BTW: Manual of r.compress updated in r60814, needs to be backported.
#2349: CELL raster format: make ZLIB level 3 standard compression instead of RLE
-------------------------+--------------------------------------------------
Reporter: neteler | Owner: grass-dev@…
Type: enhancement | Status: new
Priority: critical | Milestone: 7.0.0
Component: Raster | Version: svn-releasebranch70
Keywords: | Platform: All
Cpu: Unspecified |
-------------------------+--------------------------------------------------
Comment(by glynn):
Replying to [ticket:2349 neteler]:
> At time, integer maps (CELL) are still compressed with RLE
> This leads to a huge waste of disk space when it comes to large
> data.
>
> Proposal: make ZLIB, level 3 the standard compression.
Is GRASS_INT_ZLIB support now old enough that it can be taken for granted?
> At time we can enable the environment variable GRASS_INT_ZLIB
> but it will use the default ZLIB level 6 compression which
> is too CPU intensive. So a (user) control over this is important.
The current behaviour is that setting GRASS_INT_ZLIB to anything (even an
empty string) will enable zlib compression at the hard-coded level. One
option is to parse the value as an integer and use the result as the
compression level. However, it's possible that people are currently using
e.g. GRASS_INT_ZLIB=1 to enable it with the existing default level.
Another option is to add another environment variable for the level.
Aside: if there are still systems out there using the historical limit of
4096 bytes of memory for the combination of environment variables and
arguments (argv), we might want to think about making GRASS less greedy
with respect to environment variables.
#2349: CELL raster format: make ZLIB level 3 standard compression instead of RLE
-------------------------+--------------------------------------------------
Reporter: neteler | Owner: grass-dev@…
Type: enhancement | Status: new
Priority: critical | Milestone: 7.0.0
Component: Raster | Version: svn-releasebranch70
Keywords: | Platform: All
Cpu: Unspecified |
-------------------------+--------------------------------------------------
Comment(by neteler):
Replying to [comment:2 glynn]:
> Replying to [ticket:2349 neteler]:
> > At time, integer maps (CELL) are still compressed with RLE
> > This leads to a huge waste of disk space when it comes to large
> > data.
> >
> > Proposal: make ZLIB, level 3 the standard compression.
>
> Is GRASS_INT_ZLIB support now old enough that it can be taken for
granted?
I hope yes.

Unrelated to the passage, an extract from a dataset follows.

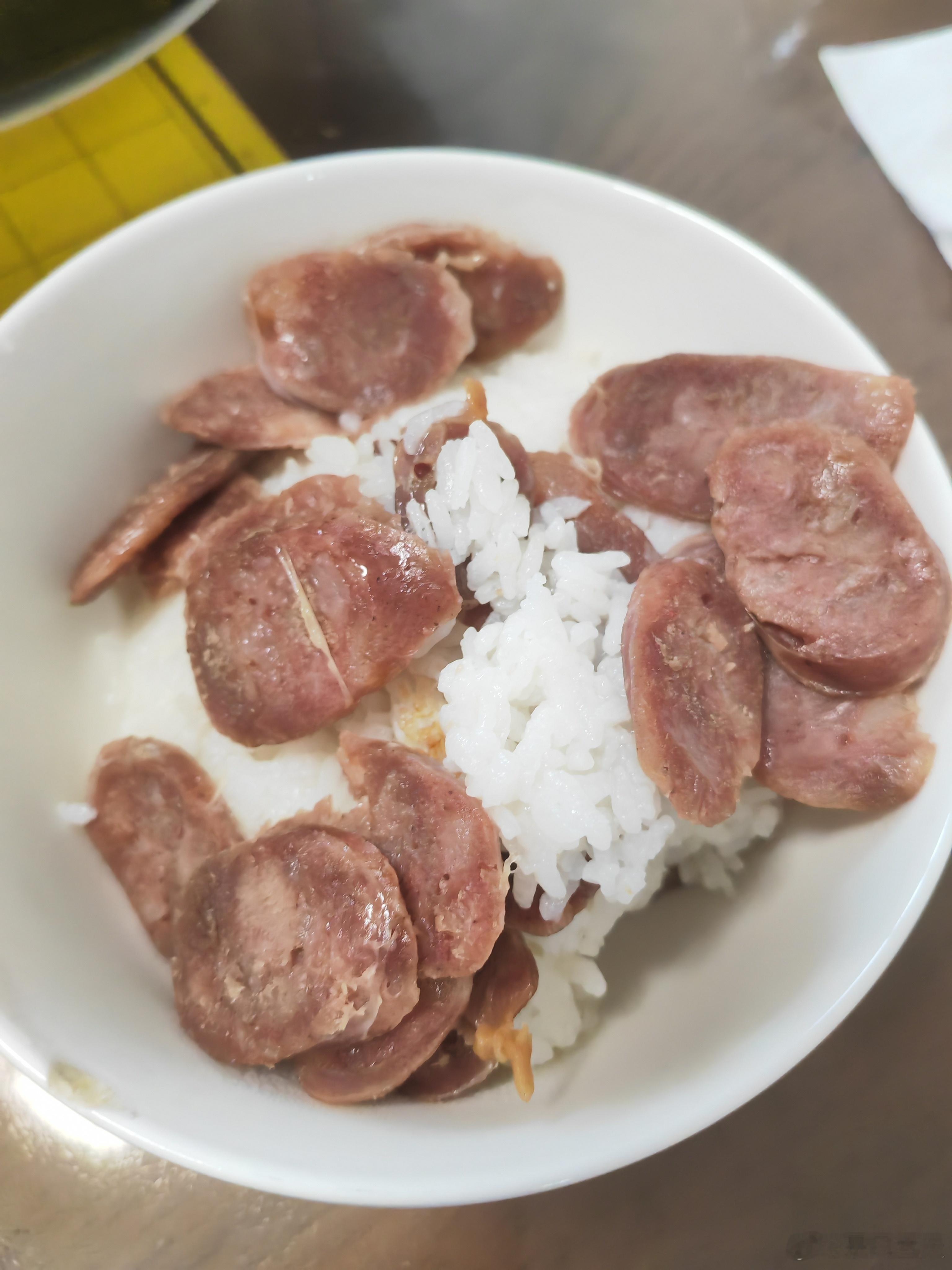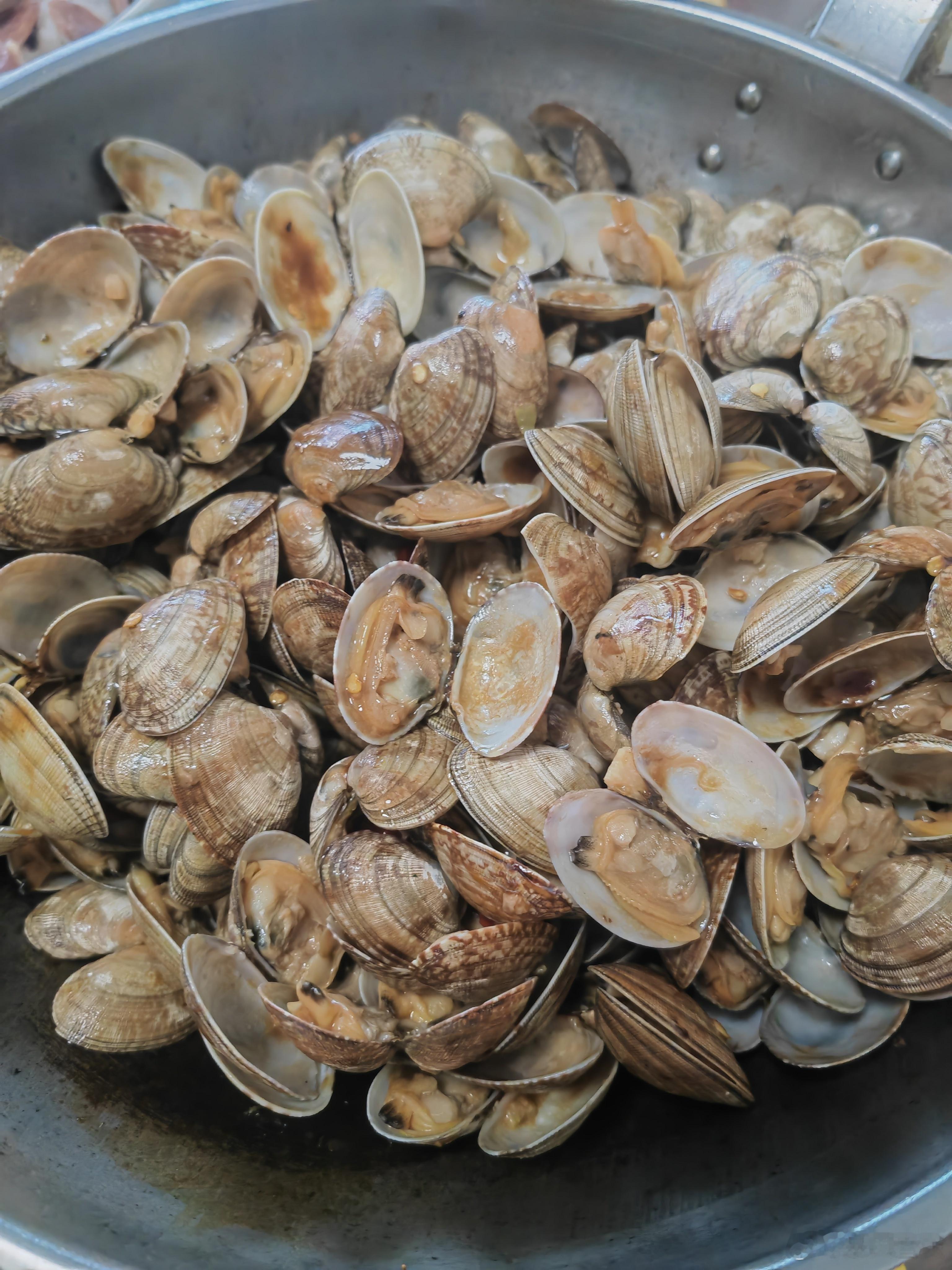 中午腊肠饭,辣炒花蛤,清炒绿化带,凉拌笋丝。
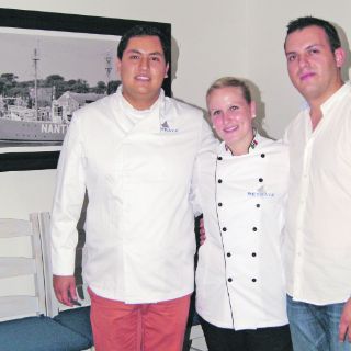 GUADALAJARA, JALISCO (13/SEP/2012).- Alejandra Solbes, Raúl Carrasco y Marcos Sánchez, propietarios del nuevo restaurante Rey Raya, especializado en cocina del mar, dieron la bienvenida a sus invitados con un coctel inaugural. El lugar combina a la perfección con el estilo arquitectónico de Nantucket, península ubicada en la costa Este de Estados Unidos, idea del padrino de la noche, Edgar Ruezga.

I am not aware of negative reports.
> > At time we can enable the environment variable GRASS_INT_ZLIB
> > but it will use the default ZLIB level 6 compression which
> > is too CPU intensive. So a (user) control over this is important.
>
> The current behaviour is that setting GRASS_INT_ZLIB to anything (even
an empty string) will enable zlib compression at the hard-coded level.
Exactly.
> One option is to parse the value as an integer and use the result as the
compression level. However, it's possible that people are currently using
e.g. GRASS_INT_ZLIB=1 to enable it with the existing default level.
>
> Another option is to add another environment variable for the level.
Yes, a new GRASS_ZLIBLEVEL may be less invasive.
> Aside: if there are still systems out there using the historical limit
of 4096 bytes of memory for the combination of environment variables and
arguments (argv), we might want to think about making GRASS less greedy
with respect to environment variables.
#2349: CELL raster format: make ZLIB level 3 standard compression instead of RLE
-------------------------+--------------------------------------------------
Reporter: neteler | Owner: grass-dev@…
Type: enhancement | Status: new
Priority: critical | Milestone: 7.0.0
Component: Raster | Version: svn-releasebranch70
Keywords: | Platform: All
Cpu: Unspecified |
-------------------------+--------------------------------------------------
Comment(by glynn):
Replying to [comment:3 neteler]:
> > Aside: if there are still systems out there using the historical limit
of 4096 bytes of memory for the combination of environment variables and
arguments (argv), we might want to think about making GRASS less greedy
with respect to environment variables.
>
> You mean the number and/or the length?
#2349: CELL raster format: make ZLIB level 3 standard compression instead of RLE
-------------------------+--------------------------------------------------
Reporter: neteler | Owner: grass-dev@…
Type: enhancement | Status: new
Priority: critical | Milestone: 7.0.0
Component: Raster | Version: svn-releasebranch70
Keywords: | Platform: All
Cpu: Unspecified |
-------------------------+--------------------------------------------------
Comment(by glynn):
Replying to [ticket:2349 neteler]:
> Proposal: make ZLIB, level 3 the standard compression.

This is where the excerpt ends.